どんなに小さくても、人間には母性があるということです。

お人形さんにミルクをあげたりする遊びや、

小さな動物を飼って餌をあげたりする行為や、

お父さんこれあげる~。と僕にお菓子をくれたり。

私たち人間はすでに母性=神性をもって生まれています。

しかしそれと同時に、我良し=自我も持っています。

 

私たちの人生は「母性を育て自我を薄くする体験」の旅です。

生活のために現実世界で労働するということは、

母性を育て、自我を薄くする、宇宙で最も効果的な洗濯板です。
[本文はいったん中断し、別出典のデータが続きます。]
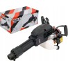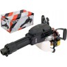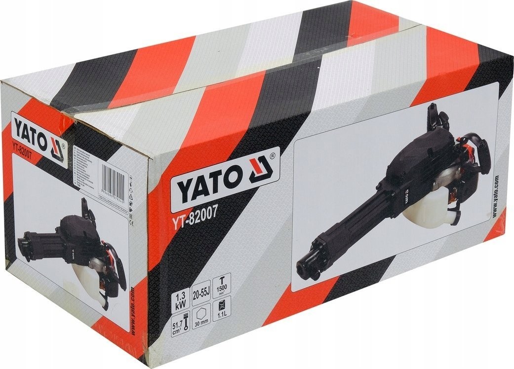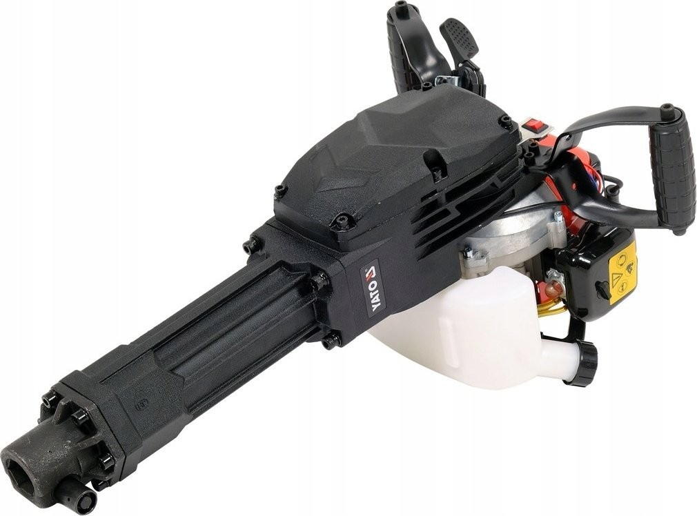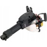 Abbruchhammer mit Zweitakt-Verbrennungsmotor. Das Gerät wiegt 11 kg und lässt sich daher bequem bedienen. Die Schlagkraft von 55 J zerkleinert effizient Stahlbeton, wie er in Fundamenten verwendet wird, sowie Naturstein. Der geringe Kraftstoffverbrauch (0,9 l/h) macht das Gerät sehr wirtschaftlich. Im Gegensatz zu Elektrohämmern sind keine schweren Stromaggregate erforderlich, die mindestens 40 kg wiegen und den Einsatz eines Zweierteams erfordern. Der Hammer YT-82007 kann von einer Person ohne großen Kraftaufwand bedient werden. Neben der Meißelfunktion kann dieser Hammer auch als Stampfer zur Bodenverdichtung eingesetzt werden (passend für 30-mm-Sechskantfuß YT-47385).

ゴシゴシ。

 

甘やかされて育つと、我良しだけ育つようです。

自我にとっては心地よい環境かもしれませんが、

本人の魂の旅の目的という視点では大きな遠回りです。

 

生まれたときからお坊っちゃまと周囲にかしづかれてしまうと、

悲しいかな、自我が際限なく膨らんでいくのでしょう。

同族経営が3代目で会社を潰すといわれるのは、

3代目の人生で自我を薄くするきっかけが与えられないで育ったからです。

しかし自我が増長するのは、大資産家の家庭だけではありません。

 

先日NHKのクローズアップ現代で、現代型うつ病について放送していました。

会社で上司やお客様さんに怒られると、

仕事がやる気にならなくなり会社に来れなくなってしまうのです。

一般的なうつ病だと何もする気にならず家に篭りがちですが、

現代型うつ病は仕事以外は普通に活動できるのです。

友人たちと飲みに行ったり旅行に行ったりします。

会社にだけ行けないのです。

一般的なうつ病だと自分を責めてしまいます。

しかし、現代型うつ病は他人を責めます。

上司が悪い。

お客が悪い。

同僚が悪い、と。

甘えん坊症候群という名前の方が合っていると思います。

 

現代型うつ病の原因は、その人の幼少期の対人関係とされます。

依存心が大きいまま社会に出るとなりやすいといいます。

人間関係のトラブルを自力で解決できた体験が少ないとなりやすいといいます。

 

番組では同じ患者さんたちが集まって、

グループでお互い話し合うことが効果があると述べていました。

人間関係の経験が少ないのが原因だっただからです。

 

これら二つの話を聞いて思うのは、自我を薄くする体験というのは、

本人にはショックなことであろうということです。

友人に誤解されたり、

友人と仲違いしたり、

上司やお客さんに怒られたり。

しかしそれらの体験を克服して、

何とか生きようとすることで自我を薄くすることができるのです。

そういった体験を通して、

ああ、相手にも相手の立場があるのだなあ。と「実感」して

理解を深めることができるようになります。

その苦いショックな経験を積み重ねていくしか、

他人の立場をおもんばかるという性質は育ちません。

 

自分の人生が苦しい苦しいという人の話を聞くと、

やはり他人の立場をおもんばかる気持ちが希薄です

他者に対する依存と不満ばかりです。

現実社会の労働とは、洗濯板です。

自我を薄くせざるを得ないようなショックの連続です。

 

自分の生活を守る為に労働を継続する人は立派です。

家族の生活を守る為に労働を継続できる人は更に立派です。

そしてその自分の労働の中で、困っている人に思いやりを持てる人は、更に立派です。

そしてその厳しい生活の中でも、感謝すべきことを見出せる人は、更に立派です。

 

これが宇宙で一番の神業であります。